**WHAT YOU ARE ASKED TO DO**
All lines from the one containing "4粉,1载具,3特效枪,11" through the last line of the listing should be given again exactly, with no pictures.

== SOURCE MATERIAL

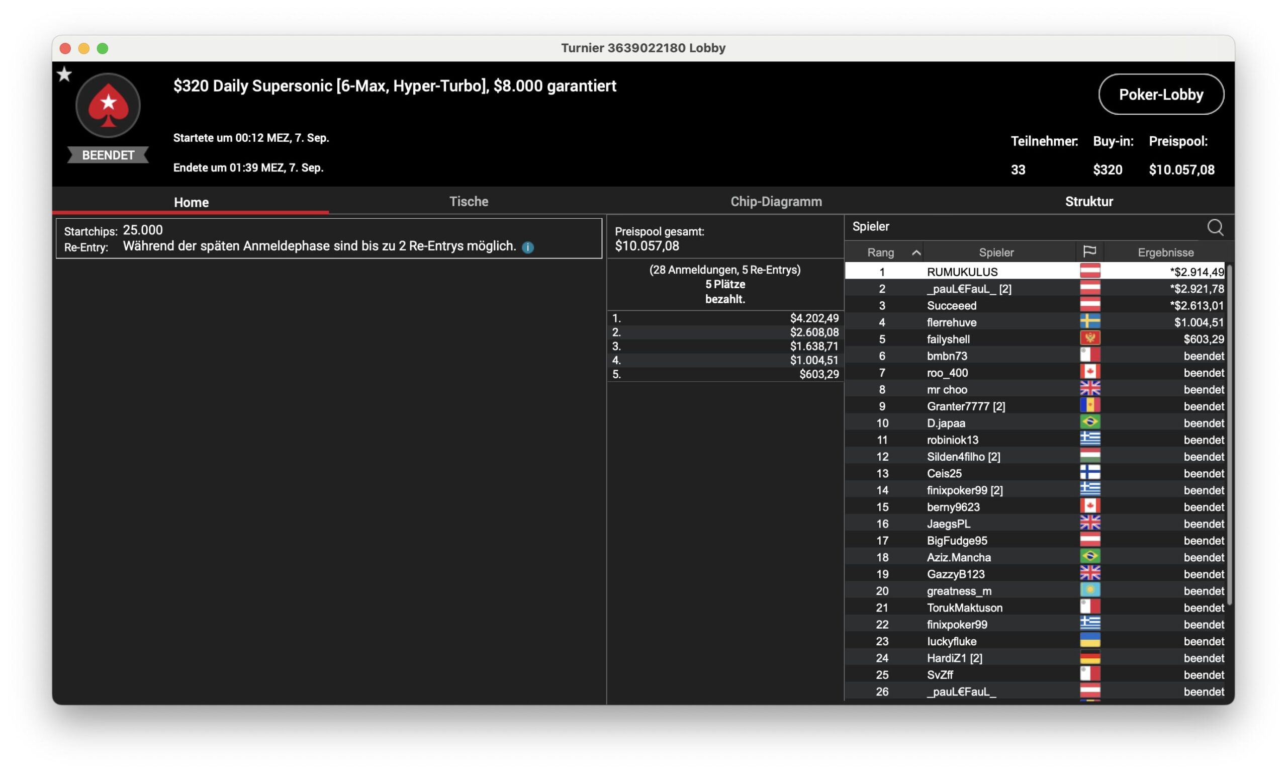 Leon „RUMUKULUS“ Sturm dealte mit Paul „_pauL€FauL_“ Höfer und Jakob „Succeeed“ Miegel beim $320 Daily Supersonic. Das brachte den Spielern auf den Plätzen 1, 2 und 3 jeweils $2.914, $2.921 und $2.613 ein.
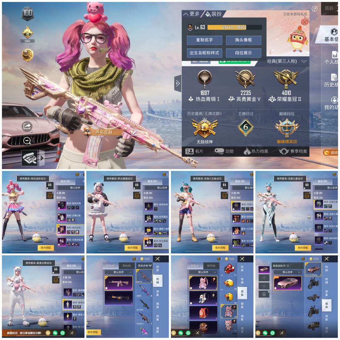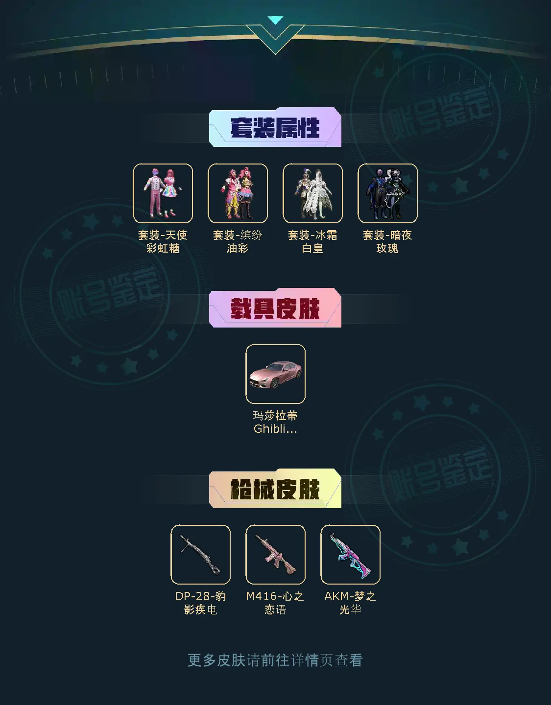 4粉,1载具,3特效枪,114套装,13王牌印记 M416-心之恋语/AKM-梦之光华/玛莎拉蒂Ghibli(粉)
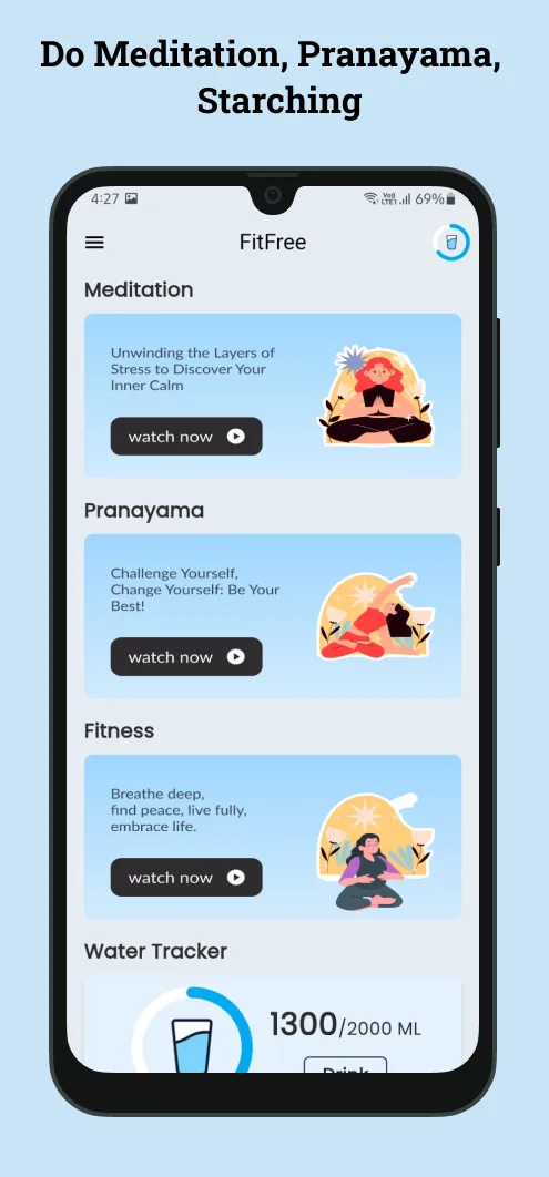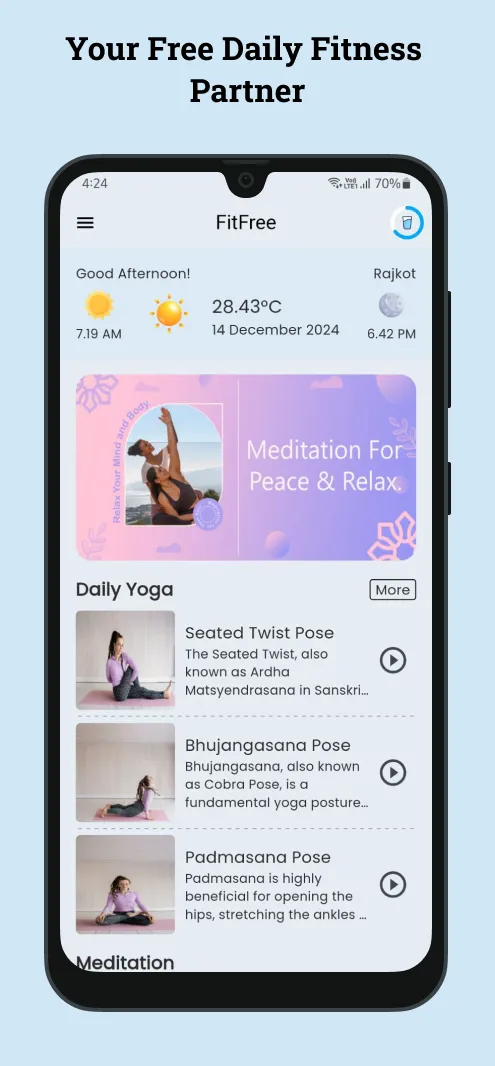 The all-in-one yoga and wellness app designed to elevate your mind, body, and spirit. Whether you're a beginner or an experienced yogi, Fit Free offers everything you need to cultivate a balanced and harmonious lifestyle. Feature - Free yoga, pranayama, fitness videos & meditation songs - Calculate your BMI - Daily water remainders...

====

**ANSWER AREA**
 4粉,1载具,3特效枪,114套装,13王牌印记 M416-心之恋语/AKM-梦之光华/玛莎拉蒂Ghibli(粉)
 The all-in-one yoga and wellness app designed to elevate your mind, body, and spirit. Whether you're a beginner or an experienced yogi, Fit Free offers everything you need to cultivate a balanced and harmonious lifestyle. Feature - Free yoga, pranayama, fitness videos & meditation songs - Calculate your BMI - Daily water remainders...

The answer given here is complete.